In the Guardian on Saturday there was a letter signed by seven academics, which started with the claim:
[I]n the UK there has been only limited opportunity for public debate on Iraq.Between them the signatories combine much legal expertise and so may be expected to have some training in the precision of meanings. Did none of the seven hesitate before agreeing his signature to a letter containing this preposterous statement? The substance of their letter is the call for an independent inquiry into the legality and the conduct of the Iraq war, and the actions of coalition forces during the occupation. I'd think it likely that one should construe 'public debate on Iraq' in the quoted claim as carrying a hidden ending something like this: 'which comes to the right kind of conclusion'.

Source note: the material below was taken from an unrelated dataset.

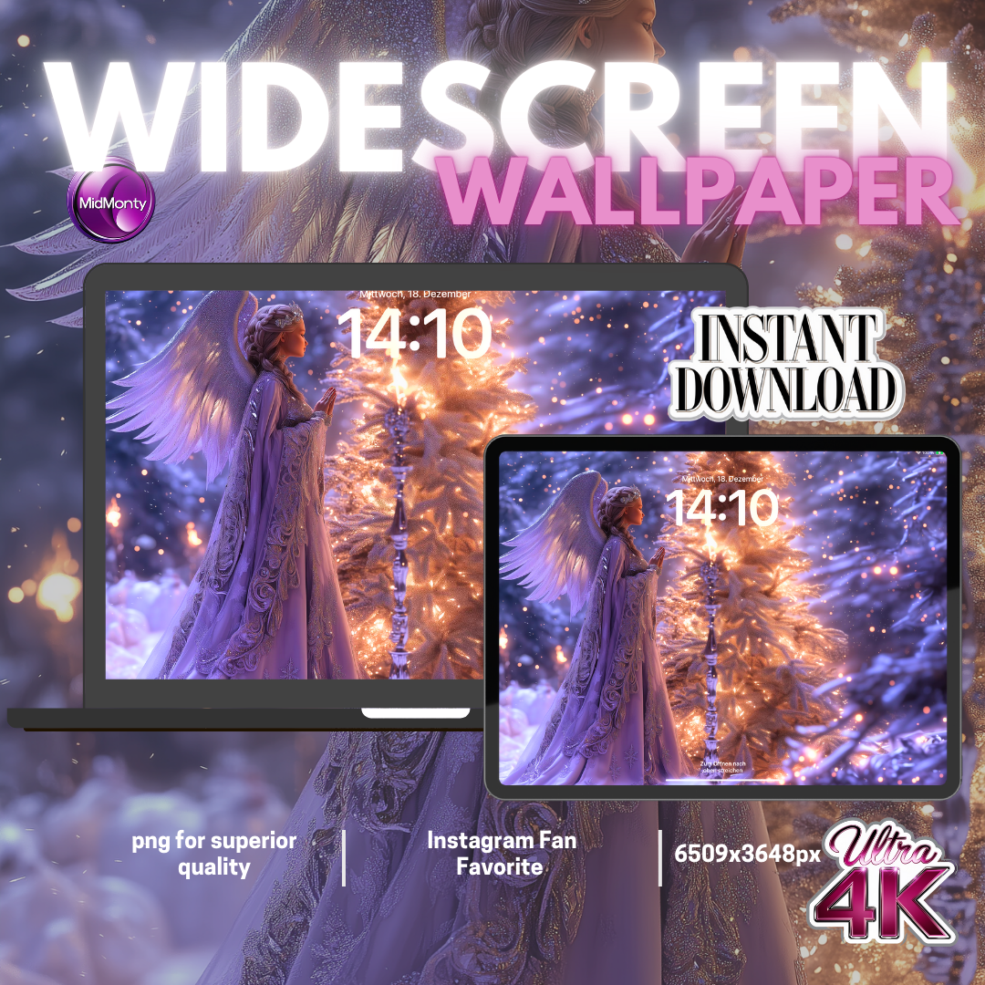 Ángel navideño morado 𓆩♡𓆪 | Fondo de pantalla navideño panorámico lindo

In a letter to the Daily Telegraph on the same day, another academic wrote:
Toppling Saddam was not a matter of the wrong intelligence. The point of the war was to state boldly - as only wars can - that America, and the allies it could muster, were prepared to wage war on the basis of flimsy evidence... [T]he war was deliberately the product of weak intelligence, rather than the unfortunate by-product of it.The writer's subject is politics. So if this was the point of the war, Bush and Co must have been thinking all along, 'Jeez, I hope no WMD turn up', and they must be rejoicing at the flak they've been taking because none have.
Only letters to the press. Only letters to the press. But then this is only a blogpost.